(INSTRUCTIONS FOR THE TASK): For this exercise, an exact copy is needed of only the lines from the one containing "604515【送料無料】 納期 9⽉中旬〜10⽉上旬" through the end of the data, with pictures left out.

Source records
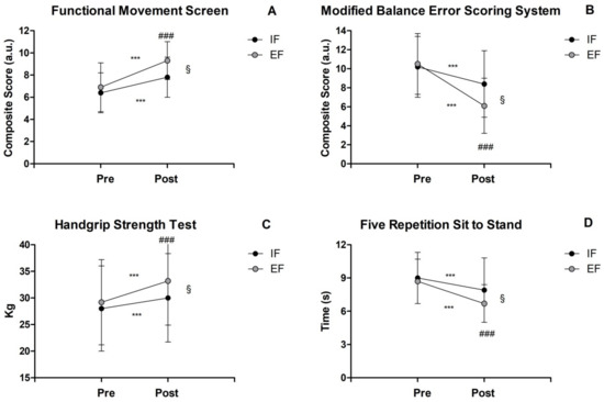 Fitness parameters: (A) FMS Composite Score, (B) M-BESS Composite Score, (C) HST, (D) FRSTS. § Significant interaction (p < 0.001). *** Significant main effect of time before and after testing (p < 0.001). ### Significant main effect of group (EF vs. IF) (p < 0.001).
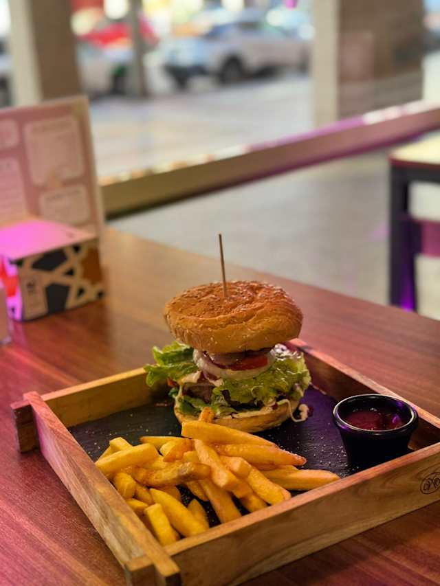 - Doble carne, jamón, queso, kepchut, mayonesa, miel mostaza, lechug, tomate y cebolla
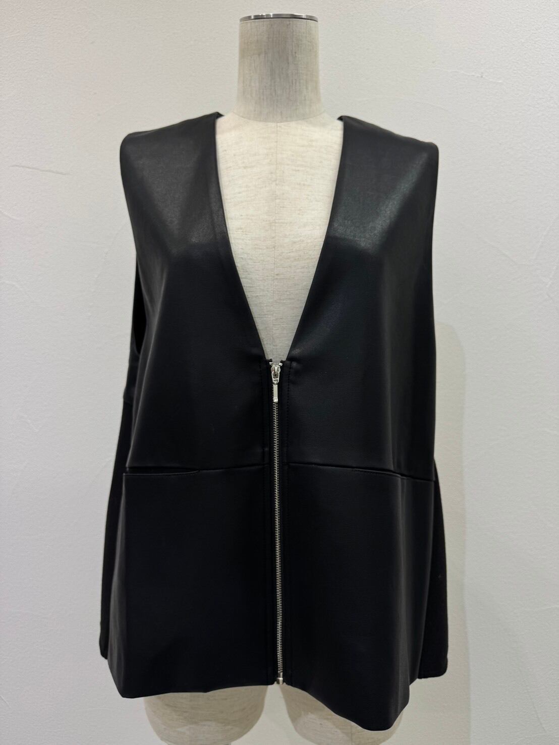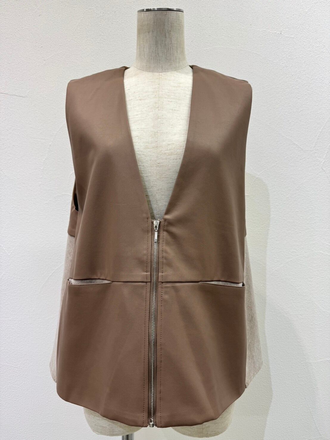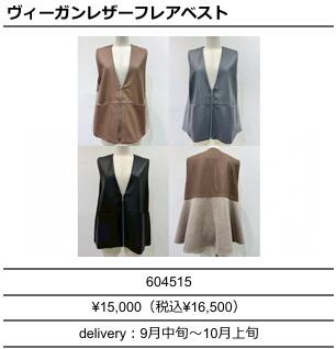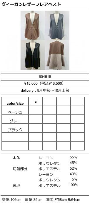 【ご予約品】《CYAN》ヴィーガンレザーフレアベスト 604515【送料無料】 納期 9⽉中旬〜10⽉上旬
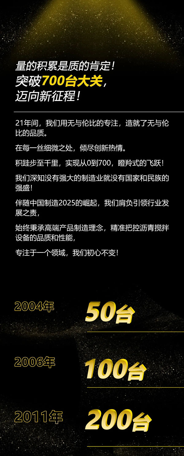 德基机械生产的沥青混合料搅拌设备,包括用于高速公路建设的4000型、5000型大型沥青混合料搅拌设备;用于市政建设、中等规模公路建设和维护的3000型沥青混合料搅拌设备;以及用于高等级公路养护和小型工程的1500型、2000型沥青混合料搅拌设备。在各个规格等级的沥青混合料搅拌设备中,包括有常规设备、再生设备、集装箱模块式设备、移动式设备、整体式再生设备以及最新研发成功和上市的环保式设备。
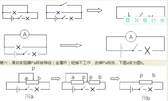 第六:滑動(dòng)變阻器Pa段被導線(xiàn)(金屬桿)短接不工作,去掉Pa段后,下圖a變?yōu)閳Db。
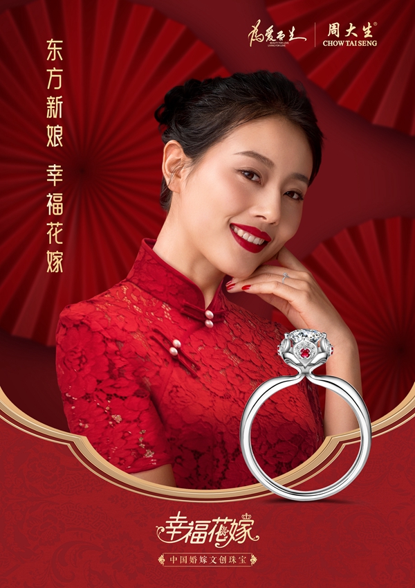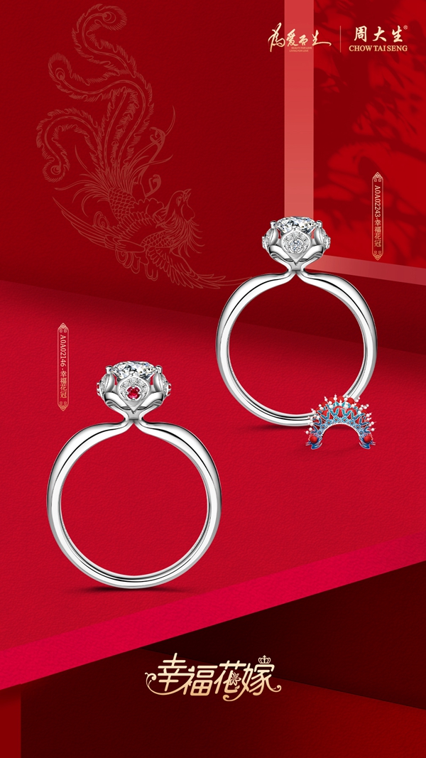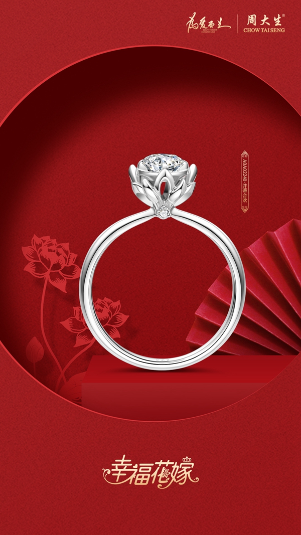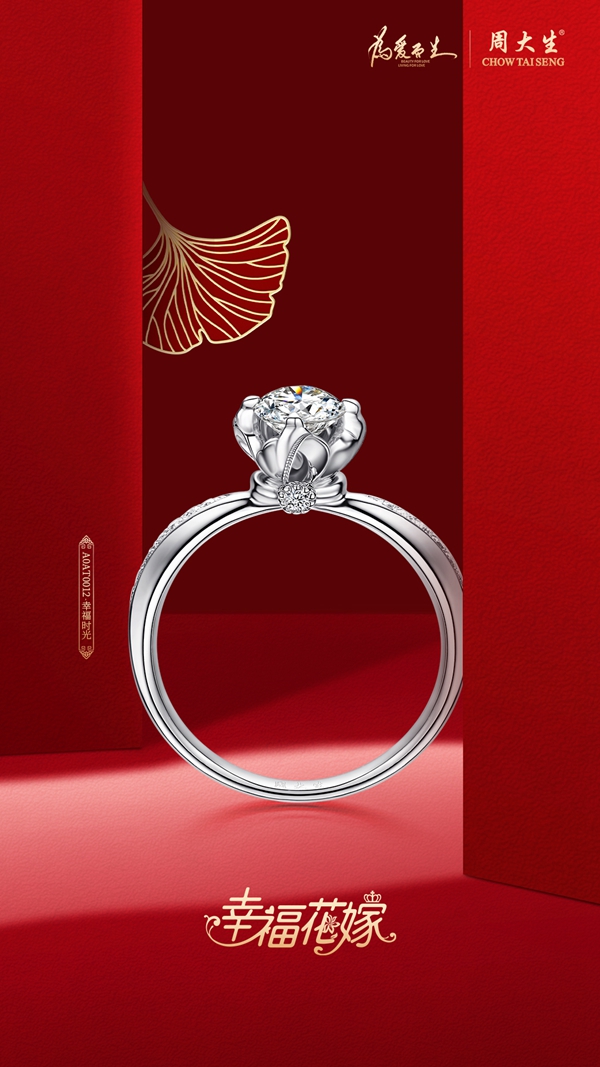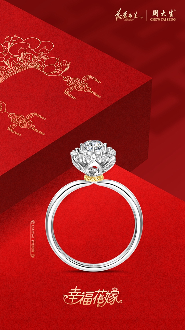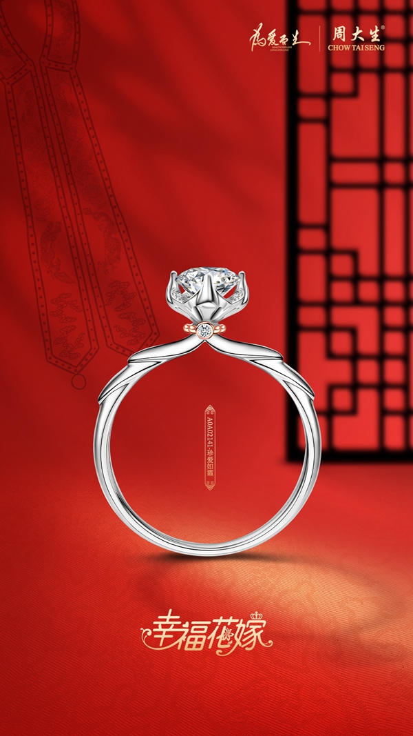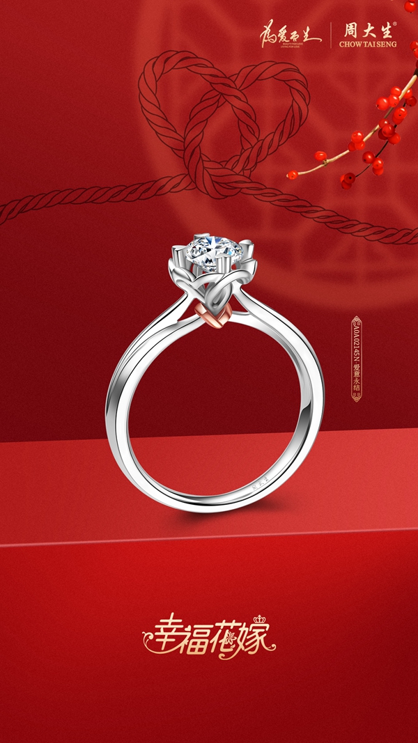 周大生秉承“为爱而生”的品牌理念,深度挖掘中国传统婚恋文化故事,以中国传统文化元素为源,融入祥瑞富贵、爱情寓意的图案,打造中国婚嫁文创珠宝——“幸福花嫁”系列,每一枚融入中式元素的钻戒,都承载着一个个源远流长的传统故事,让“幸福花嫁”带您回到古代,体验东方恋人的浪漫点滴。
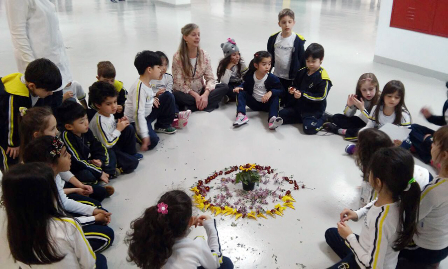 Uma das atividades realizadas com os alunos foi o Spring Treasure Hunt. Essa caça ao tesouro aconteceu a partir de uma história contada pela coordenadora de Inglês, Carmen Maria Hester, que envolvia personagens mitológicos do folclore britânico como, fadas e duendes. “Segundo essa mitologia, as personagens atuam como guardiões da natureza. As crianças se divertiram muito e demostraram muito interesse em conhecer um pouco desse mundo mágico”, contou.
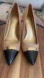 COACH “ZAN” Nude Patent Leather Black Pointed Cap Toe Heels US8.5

(EXERCISE RESULT):
 【ご予約品】《CYAN》ヴィーガンレザーフレアベスト 604515【送料無料】 納期 9⽉中旬〜10⽉上旬
 德基机械生产的沥青混合料搅拌设备,包括用于高速公路建设的4000型、5000型大型沥青混合料搅拌设备;用于市政建设、中等规模公路建设和维护的3000型沥青混合料搅拌设备;以及用于高等级公路养护和小型工程的1500型、2000型沥青混合料搅拌设备。在各个规格等级的沥青混合料搅拌设备中,包括有常规设备、再生设备、集装箱模块式设备、移动式设备、整体式再生设备以及最新研发成功和上市的环保式设备。
 第六:滑動(dòng)變阻器Pa段被導線(xiàn)(金屬桿)短接不工作,去掉Pa段后,下圖a變?yōu)閳Db。
 周大生秉承“为爱而生”的品牌理念,深度挖掘中国传统婚恋文化故事,以中国传统文化元素为源,融入祥瑞富贵、爱情寓意的图案,打造中国婚嫁文创珠宝——“幸福花嫁”系列,每一枚融入中式元素的钻戒,都承载着一个个源远流长的传统故事,让“幸福花嫁”带您回到古代,体验东方恋人的浪漫点滴。
 Uma das atividades realizadas com os alunos foi o Spring Treasure Hunt. Essa caça ao tesouro aconteceu a partir de uma história contada pela coordenadora de Inglês, Carmen Maria Hester, que envolvia personagens mitológicos do folclore britânico como, fadas e duendes. “Segundo essa mitologia, as personagens atuam como guardiões da natureza. As crianças se divertiram muito e demostraram muito interesse em conhecer um pouco desse mundo mágico”, contou.
 COACH “ZAN” Nude Patent Leather Black Pointed Cap Toe Heels US8.5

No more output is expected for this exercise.